On 19 July, the PBOC deregulated lending rates by taking away the floor on these rates. Commercial banks in China are now free to fix rates on loans to clients. The floor was earlier set at 30 per cent of the benchmark rate.
The biggest beneficiaries of the deregulation will be the domestic small and medium enterprises (SMEs). These enterprises have been complaining about high interest rates on loans affecting their plans to raise resources. The measure is expected to significantly increase their access to funds.
The floor on lending rates had put SMEs at a distinct disadvantage. Since the interest rate on commercial loans was artificially fixed and not market determined, banks used to extend loans mostly to the State-owned enterprises (SOEs), which could absorb the high-cost loans due to state support. On some occasions, the loans turned bad debts in bank ledgers as the SOEs were unable to service them due to their own inability to generate profits.
While the new policies will not stop banks from lending to the SOEs, as these are still the high net worth corporate customers, they can spread their lending portfolios wider by including more to SMEs. The SMEs will obviously benefit and China’s banks will increasingly price their loans based on market principles.
While lending rates have been decontrolled, deposit rates have not. The upper ceiling of 110 per cent of the benchmark rate continues to remain on deposits. Several analysts have expressed surprise at the PBOC’s decision to leave the deposit rates untouched. With banks free to determine lending rates, which are higher than the capped deposit rates, profitability of banks remains assured.
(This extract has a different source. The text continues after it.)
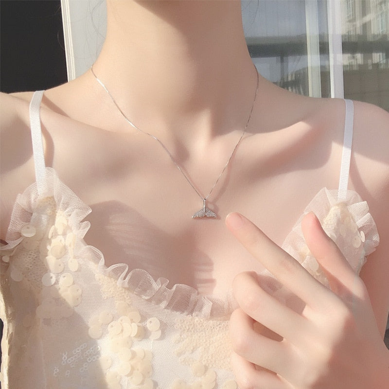 925 Sterling Silver Dolphin tail Necklace For Fashion Women

One might argue that even if deposit rates had been decontrolled, banks would not have raised them immediately for mobilizing credit. Unlike in India, Chinese banks have not been excessively perturbed over liquidity affecting inflation. As a result, they are unlikely to have used the deposit rate as a tool for mobilizing cash held by the public.
Moreover, a large number of transactions in China still get carried out in cash. Low deposit rates and lack of enough sophisticated financial instruments yielding high returns have ensured that people hold on to idle cash rather than parking it in banks or other areas.
The PBOC’s move though has taken many by surprise. While there have been several opinions expressed in the media and academic circles about China speeding up financial liberalization, many did not expect the PBOC to decontrol lending rates in one go. Most felt the move would be gradual and calibrated.
It is obvious that the PBOC and China’s new leadership has been closely monitoring the developments in the international financial markets and the opportunity for China to play a significant role in global financial transactions and movement of financial assets. The strength and size of the Chinese economy and the increasing use of Yuan in international business transactions gives China the head start in becoming a global financial hub. But this requires China’s domestic financial markets and institutions to adopt rules that are closer to global financial standards.
China’s financial sector reforms have lagged much behind its external sector reforms. The gap is reflected in the structure of China’s balance of payments as well. Huge trade surpluses from the current account have been fueling foreign exchange reserves. China has not had occasions to worry over current account deficits. Quite unlike India again, for whom, capital account surpluses have been essential for managing the current account deficit. While India has not moved to full convertibility in the capital account, its policies on capital inflows and their integration in the domestic debt and equity markets reflect global standards more closely than China’s. This is understandable since China’s focus has hardly been on its capital account.
Banking sector and interest rate reforms are fundamental to financial liberalization and full capital convertibility in China. The earlier regime under President Hu Jintao and Premier Wen Jiabao was more cautious in this respect. The new leadership, however, appears more decisive and keen to change regulations. Deregulating lending rates in one sweep reflects the urgency.
While the interest rate reforms mark the beginning of a new phase of financial liberalization in China, domestic interest groups opposing decontrol continue to remain active. The PBOC’s inability to decontrol deposit rates reflects the resistance of China’s main state-owned banks to the move. These banks have been profiting from the differential between lending and deposit rates. Freeing deposit rates would have gradually raised the pitch for raising them for curbing excessive liquidity and would have affected profitability.
Clearly India is not the only example of reforms remaining incomplete due to intervention by domestic groups. China too suffers from such anomalies.